I am working on designing a 4-bar linkage arm and was attempting to do some calculations on which motors and gear ratios I should be using. I calculated it at 60in with 20lbs of force. Below are my calculations with a dual-globe motor setup. I came away with an absurd amount of supplied stall torque. If I have 20000 oz-in of required torque, how much actual torque should I be shooting for? I understand that one needs to supply more than just the stall torque, but I don’t understand how much of a difference there needs to be between the required and supplied torque. Maybe you guys can help me.

Arm Length: 60 in
Arm Weight: 20lbs
Required Torque = Length * Weight = 19200 oz-in

Disclaimer Not all of this may be correct. So please don’t hold it against me if it is

Okay. Now’s a good time to ask this question:

Does having two motors supply more torque? or does it seem that way because there is less load on each motor?

One of our engineers said that our stall torque should be around 25% higher than our required torque. This is to make up for friction. However, that only works if you know exactly where the center of gravity will be and exactly how much it will weigh.

We assumed what the weight will be and where the center of gravity will be so the required torque calculations were definately off.

We aimed to have half of 25% above the required torque (required: 100 lb-ft, stall: 187.5lb-ft)

Also, the center of gravity is roughly the middle of the arm. So if your arm is 60 inches, you should plan on the center of gravity being between 20 and 40 inches from the axel of the arm. (obviously…)

Make sure you are putting enough current into those globes.
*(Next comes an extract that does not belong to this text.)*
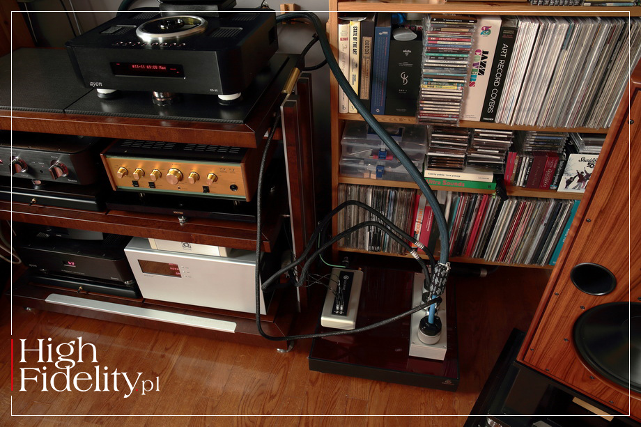 Obydwa kable wpięte były do listwy zasilającej AC Acoustic Revive RPT-4EU Absolute, która z kolei zasilana była przez 2,5-metrowy kabel AC Acrolink Mexcel 7N-PC9500. Acrolink podłączony był do gniazdka ściennego Furutech NCF, do których prowadzi osobna linia zasilająca z własnym bezpiecznikiem firmy HPA. Linia ta wykonana jest z 6-metrowego odcinka kabla Oyaide Tunami Nigo. ⸜ Płyty użyte w teście | wybór
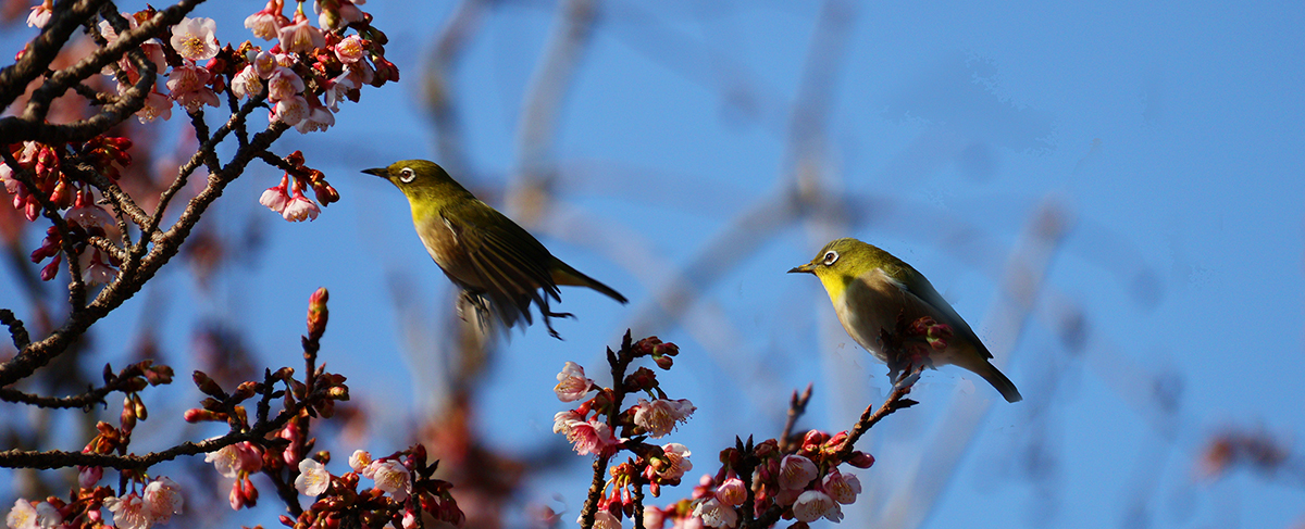 熱海桜と遊ぶメジロです。

We made a big mistake this year and calculated what gear ratios we needed based off of the stall current of the FP motors. When we hooked it all up, we were only powering those motors at about 1/3rd the current we had expected and the arm didn’t run. That only set us back about a week

Also, with that ratio. That arm is going to move very slowly. If you are planning on using it for a FIRST application, you might want to lower that ratio, cause as it is right now, you’ve got almost 17 times as much torque as you need. (34 if you lower that length down to 30 inches).

Also. I like working with lb-ft better than oz-in simply because the numbers are smaller and easier to work with

I tend to design for 25% stall torque, which keeps the motors from the kit nice and happy for a long time. With some motors this is overkill, the globe happens to be one of them. We actually stalled one for an entire match (programming mistake) and while it was quite hot after the match, it still worked fine fine. (Almost gave one of our team members an uppercut not ten minutes later, actually) Your current design is very conservative, and will be very slow. If you use a 9:1 reduction I think you’ll be fine. (This loads the motors to 50% of stall, which would eventually melt a FP or BaneBots, but the globe should handle it fine)

Thanks for the help guys. My other question is, if I am given a free speed, how do I much is the actual speed affected? How do I calculate it with different amounts of force?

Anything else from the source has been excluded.